In piedi sulla prua della barca, in piena notte, Goran guardava la città che si avvicinava. In mezzo al buio, le luci delle case ancora sveglie e qualche stella. Un po’ di luna. Più lontano, altre barche si muovevano silenziose, cariche di ombre. Goran guardava quella nuova terra dove sarebbe sbarcato. Era la prima volta che veniva in Italia, se si poteva chiamare veramente Italia una città come quella. La barca proseguiva lenta sull’acqua nera, ondeggiando fino alla nausea. Goran si lasciava ipnotizzare dai battiti lenti del motore. Tun tun tun tun... Quel rumore entrava nelle orecchie, nel cervello, come un cuore nuovo che non perde colpi. Cuore nuovo, vita nuova. Goran era partito da Mostar una settimana prima. Negli occhi aveva ancora le immagini della guerra. Sangue e cadaveri, gambe tagliate, dolore e paura. Ma soprattutto odio. Odio verso la vita, verso il cielo, qualcosa di viscerale che non lasciava scampo. Anche dopo la fine della guerra continuava a sentire dentro di lui quell’odio. Odio puro, infantile, sano. L’odio della bestia che si difende, che combatte per la vita, che è disposta a morire per non morire. "Conosci qualcuno a Trieste?" gli chiese il pescatore, Oreste, un giovane tarchiato con la faccia spaccata dal sale. Goran scosse il capo, senza voltarsi. "Sai almeno dove andare?" "No." "Mah!" fece Oreste, e continuò a fumare. Goran se n’era andato da Mostar, era stato lui a voler partire, ma gli sembrava che Mostar lo avesse vomitato, lo avesse espulso dal suo stomaco avvelenato. Aveva visto morire suo padre, poi suo fratello, gli amici, la sua donna. Alcuni uccisi dalle bombe, altri assassinati dai soldati, non sapeva nemmeno di quale esercito.

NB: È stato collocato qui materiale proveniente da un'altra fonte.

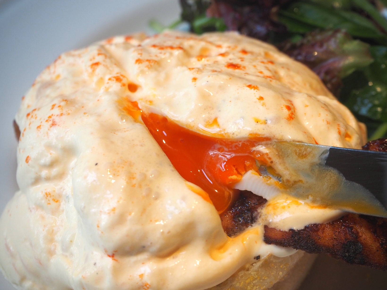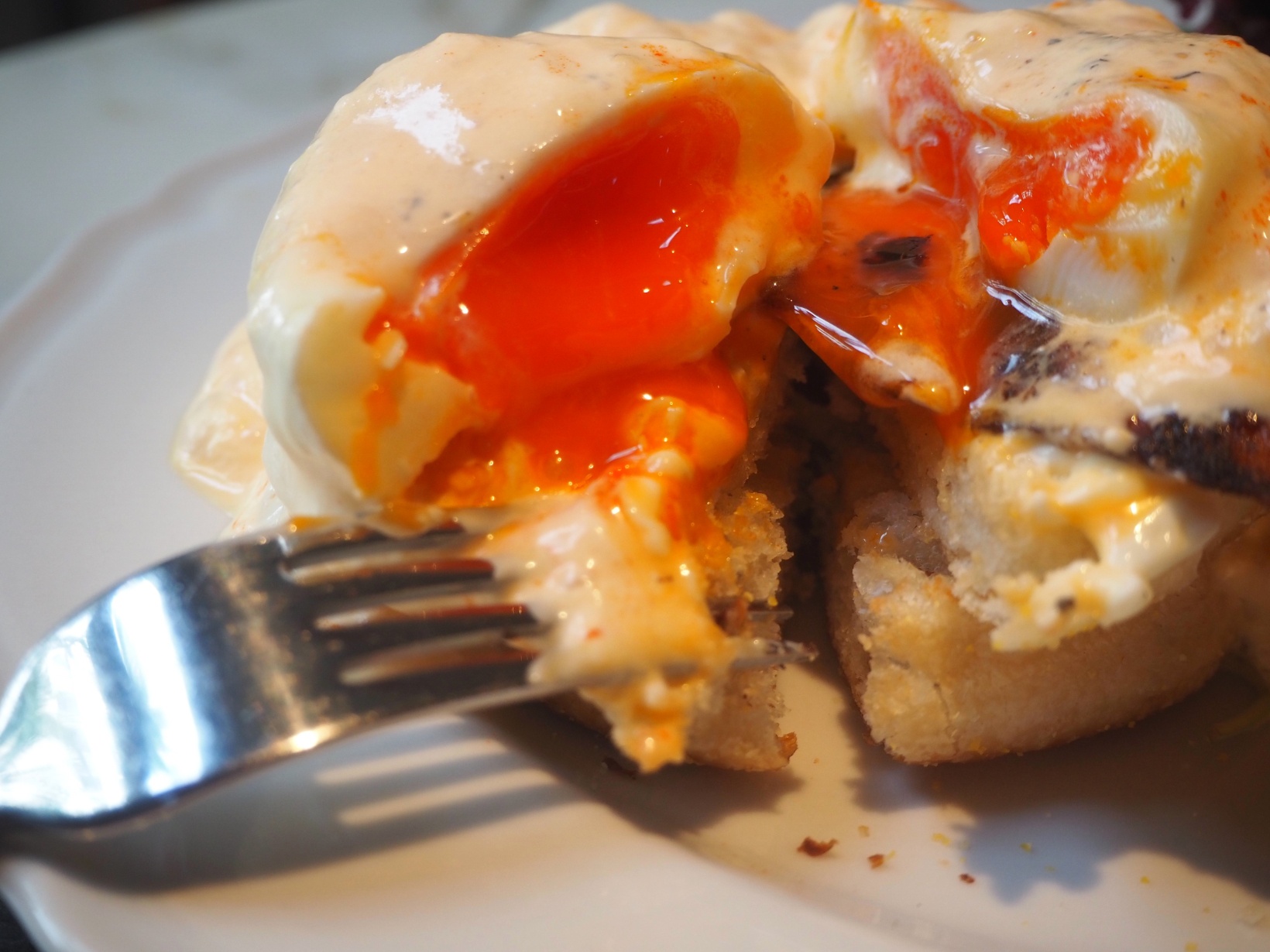 ポーチドエッグにナイフを入れると、黄身がとろり。濃厚な卵が味わいに奥深さをプラスしていきます。

Vedeva ancora Daniele, suo fratello, fatto a brandelli da una bomba di mortaio caduta sul mercato. Saltato in aria insieme a pesci e ver dure. L’ultima a morire era stata sua madre. Una povera donna che aveva pregato inutilmente il suo Dio, fino alla fine. La vita l’aveva demolita pezzo a pezzo. Aveva avuto la sfortuna di sopravvivere alla guerra, aveva visto morire tutti gli altri, come Goran. La mattina si alzava dal letto e pregava, il giorno fissava il muro e pregava, la notte si sdraiava a letto, non dormiva e pregava. Lentamente la sua faccia era diventata di pietra. E una mattina non si era più alzata. Goran l’aveva trovata con gli occhi fissi al soffitto. Occhi vuoti, senza più né vita né Dio.

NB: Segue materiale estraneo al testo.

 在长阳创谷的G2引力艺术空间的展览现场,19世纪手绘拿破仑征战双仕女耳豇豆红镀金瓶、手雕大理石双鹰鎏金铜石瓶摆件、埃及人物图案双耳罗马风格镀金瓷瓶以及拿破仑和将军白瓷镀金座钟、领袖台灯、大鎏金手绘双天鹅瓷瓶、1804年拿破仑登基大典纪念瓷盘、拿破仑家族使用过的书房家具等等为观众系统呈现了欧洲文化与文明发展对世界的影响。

Allora Goran aveva deciso di partire, di allontanarsi da quell’odio che marciva nelle strade. Ora o mai più, aveva detto. Era partito subito dopo aver seppellito sua madre. "Tornerò" le aveva detto, davanti a quel ventre di terra sporca. Si era piazzato all’imbocco dell’autostrada, sperando che un camion lo raccogliesse e lo portasse verso Nord. Pochi soldi in tasca, e nel sangue una grande voglia di scappare. Dopo qualche giorno era riuscito ad arrivare a Fiume. In un locale del porto aveva conosciuto un pescatore che faceva anche un po’ di contrabbando, Oreste. Si erano messi a bere insieme. "Ti porto io se vuoi. Ci devo andare stanotte." "Non posso pagare." "Non fa niente, ti porto io." "Perché lo fai?" "Non ti offendere, ma mi fai pena." "D’accordo." La barca era piccola, puzzava di nafta e di pesce. Ogni tanto nell’acqua nera appariva la luce violacea di una medusa, e Goran pensava a sua madre, seppellita nel buio della terra, tutta sola. Tun tun tun tun... Cuore nuovo, vita nuova. La città si avvicinava, sembrava una grande bestia sdraiata a dormire. Goran non sentiva nessuna emozione. Era come se avesse lasciato tutto il sangue a Mostar. Gli erano rimaste solo le ossa, e un cervello senza più idee. "Tra poco arriviamo" disse Oreste. "Bene." "Dove andrai a dormire?" "Non lo so." "C’è un vecchio mercato del pesce laggiù, lo vedi? Quel capannone..." "Sì." "È pericolante. Devi entrare di notte senza farti vedere. Nessuno ti verrà mai a cercare là dentro." Quando la barca arrivò al molo si strinsero la mano e si lasciarono senza dirsi nulla. Il cielo era altissimo, gelido. Goran dormì nel vecchio mercato pericolante, insieme ai gatti del porto, ad altri clandestini e a qualche barbone. Nessuno gli rivolse la parola. Si sentiva russare e ruttare. Tutto puzzava. Il pavimento era cosparso di rifiuti. Goran si mise giù, sul cemento. Non riusciva a dormire. Guardava il tetto di vetro, pieno di buchi, e vedeva suo fratello dilaniato in mezzo ai pesci e ai meloni.